Everything in the records below from the line containing "Dans Cartaventura Odyssée" through the line containing "log(3)[x(x-2)]=log(3)(2x-3)" is to be reproduced exactly, those two lines included; no picture is to be copied.

• [EXTRACTED INFORMATION]:

▼▼▼

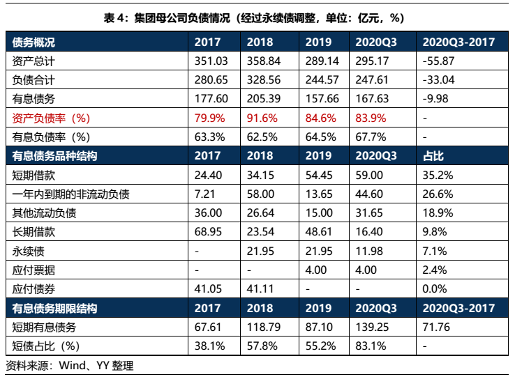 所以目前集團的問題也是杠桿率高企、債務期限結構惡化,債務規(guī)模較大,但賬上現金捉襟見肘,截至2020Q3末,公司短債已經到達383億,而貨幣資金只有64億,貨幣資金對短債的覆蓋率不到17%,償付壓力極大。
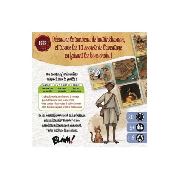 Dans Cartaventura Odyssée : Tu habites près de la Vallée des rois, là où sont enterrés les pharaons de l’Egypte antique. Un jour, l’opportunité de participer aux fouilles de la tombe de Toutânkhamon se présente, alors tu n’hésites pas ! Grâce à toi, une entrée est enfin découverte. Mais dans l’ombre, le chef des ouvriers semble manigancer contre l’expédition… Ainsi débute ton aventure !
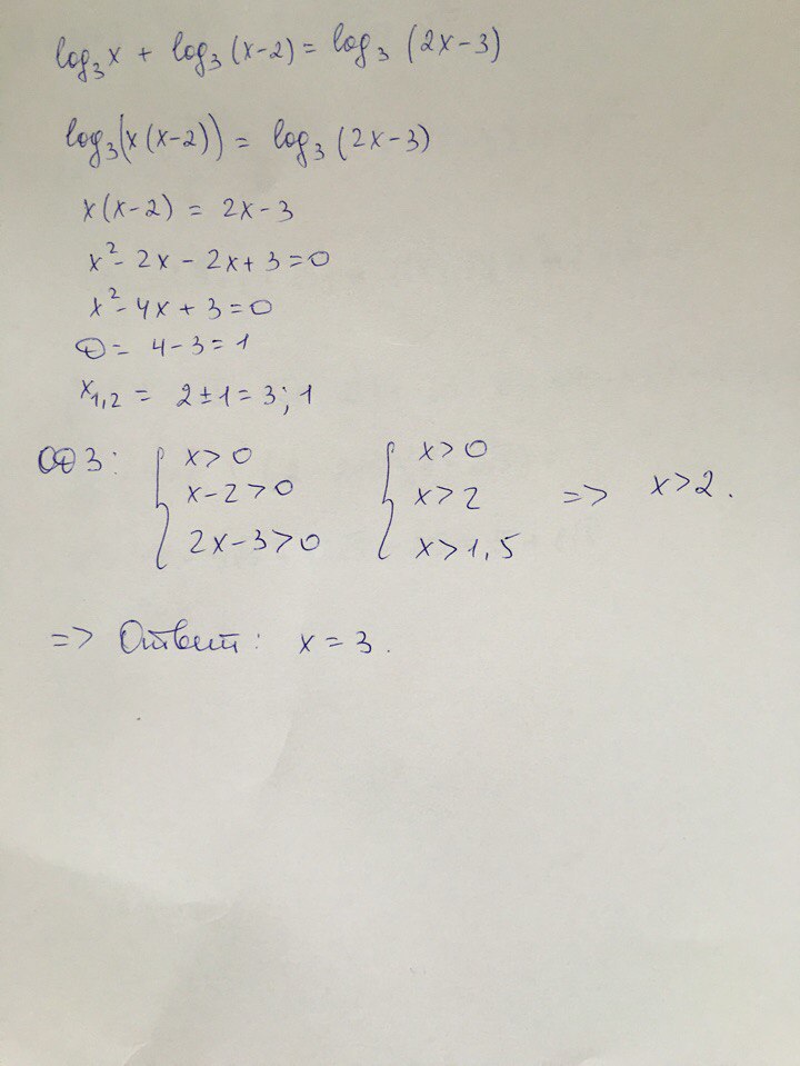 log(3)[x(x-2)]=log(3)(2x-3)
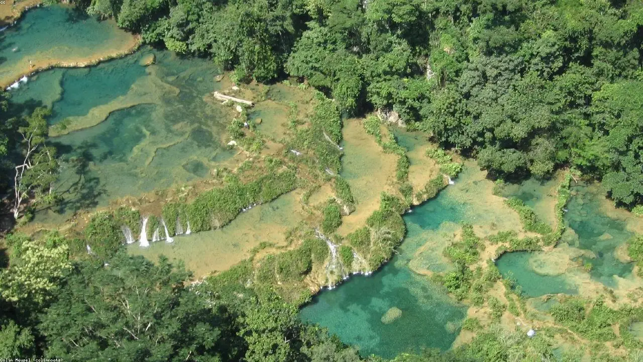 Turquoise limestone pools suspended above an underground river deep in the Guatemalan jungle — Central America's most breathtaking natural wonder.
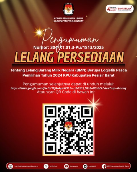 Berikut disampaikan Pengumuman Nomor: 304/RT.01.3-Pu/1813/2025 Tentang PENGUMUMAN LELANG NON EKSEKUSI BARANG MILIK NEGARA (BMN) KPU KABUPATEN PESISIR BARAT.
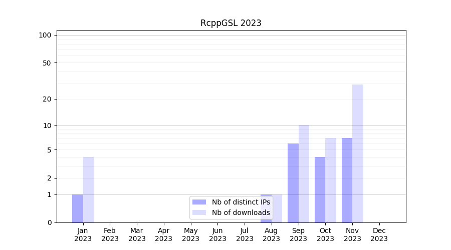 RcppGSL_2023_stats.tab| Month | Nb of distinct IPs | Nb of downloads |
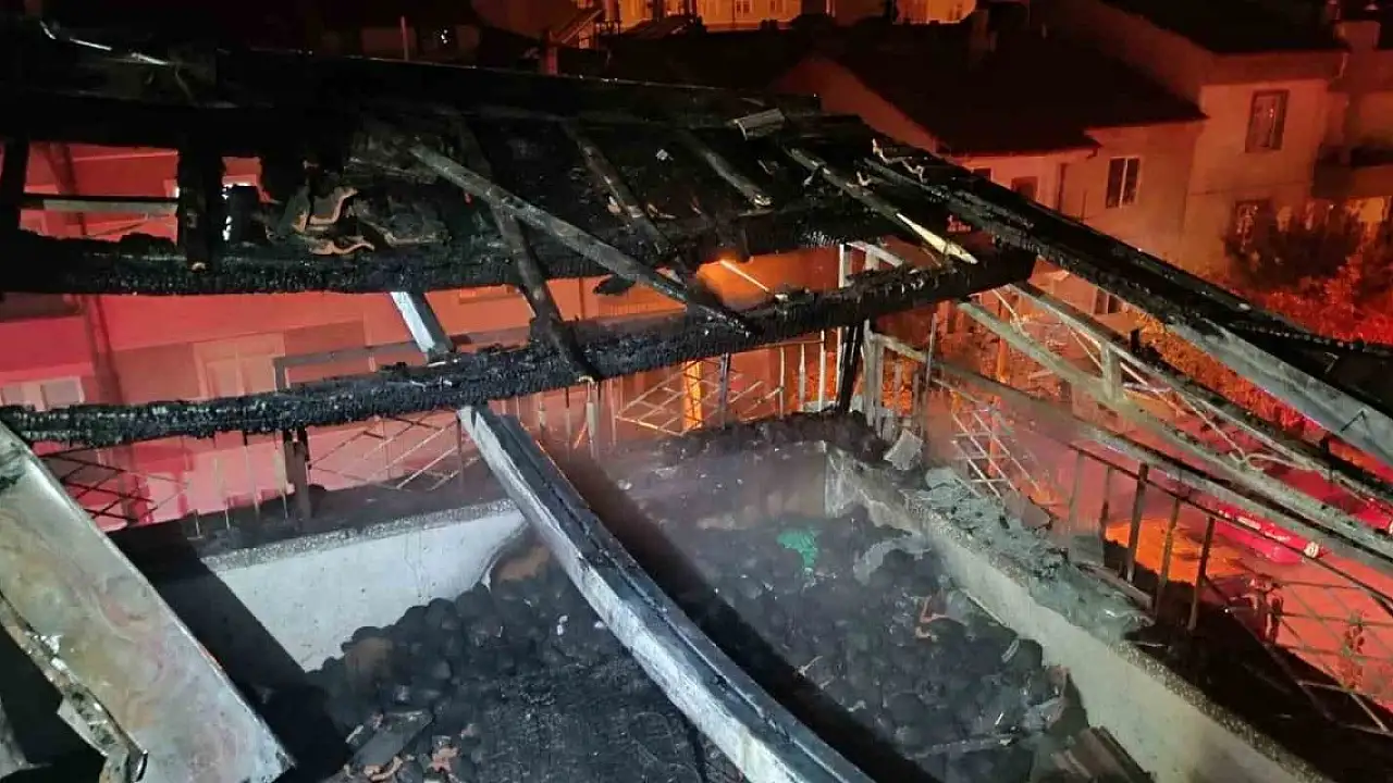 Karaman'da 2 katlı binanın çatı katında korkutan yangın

▲▲▲
▼▼▼

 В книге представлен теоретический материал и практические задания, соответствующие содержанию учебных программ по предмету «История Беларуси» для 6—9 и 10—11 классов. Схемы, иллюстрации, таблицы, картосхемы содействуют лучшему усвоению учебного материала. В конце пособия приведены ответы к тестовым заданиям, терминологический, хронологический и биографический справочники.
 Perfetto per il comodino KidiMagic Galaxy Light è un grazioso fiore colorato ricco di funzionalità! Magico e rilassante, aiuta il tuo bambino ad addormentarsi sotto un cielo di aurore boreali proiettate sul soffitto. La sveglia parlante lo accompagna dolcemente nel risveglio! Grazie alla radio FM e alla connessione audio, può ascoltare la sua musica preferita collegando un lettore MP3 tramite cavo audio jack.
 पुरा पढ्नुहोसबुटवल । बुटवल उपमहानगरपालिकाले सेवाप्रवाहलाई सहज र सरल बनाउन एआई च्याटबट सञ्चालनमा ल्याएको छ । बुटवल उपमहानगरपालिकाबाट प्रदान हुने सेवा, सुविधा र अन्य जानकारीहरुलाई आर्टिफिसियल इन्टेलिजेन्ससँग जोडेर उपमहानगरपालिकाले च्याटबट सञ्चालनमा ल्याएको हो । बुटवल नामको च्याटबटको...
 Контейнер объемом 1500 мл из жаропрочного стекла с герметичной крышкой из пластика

▲▲▲
▼▼▼

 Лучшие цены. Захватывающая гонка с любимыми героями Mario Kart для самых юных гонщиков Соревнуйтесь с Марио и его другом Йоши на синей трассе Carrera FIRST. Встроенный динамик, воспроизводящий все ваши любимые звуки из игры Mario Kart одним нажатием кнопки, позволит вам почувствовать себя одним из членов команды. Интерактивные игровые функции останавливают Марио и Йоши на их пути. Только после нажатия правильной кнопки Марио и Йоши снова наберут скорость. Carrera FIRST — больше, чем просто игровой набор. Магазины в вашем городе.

▲▲▲

• [SOLUTION BELOW]:
 Dans Cartaventura Odyssée : Tu habites près de la Vallée des rois, là où sont enterrés les pharaons de l’Egypte antique. Un jour, l’opportunité de participer aux fouilles de la tombe de Toutânkhamon se présente, alors tu n’hésites pas ! Grâce à toi, une entrée est enfin découverte. Mais dans l’ombre, le chef des ouvriers semble manigancer contre l’expédition… Ainsi débute ton aventure !
 log(3)[x(x-2)]=log(3)(2x-3)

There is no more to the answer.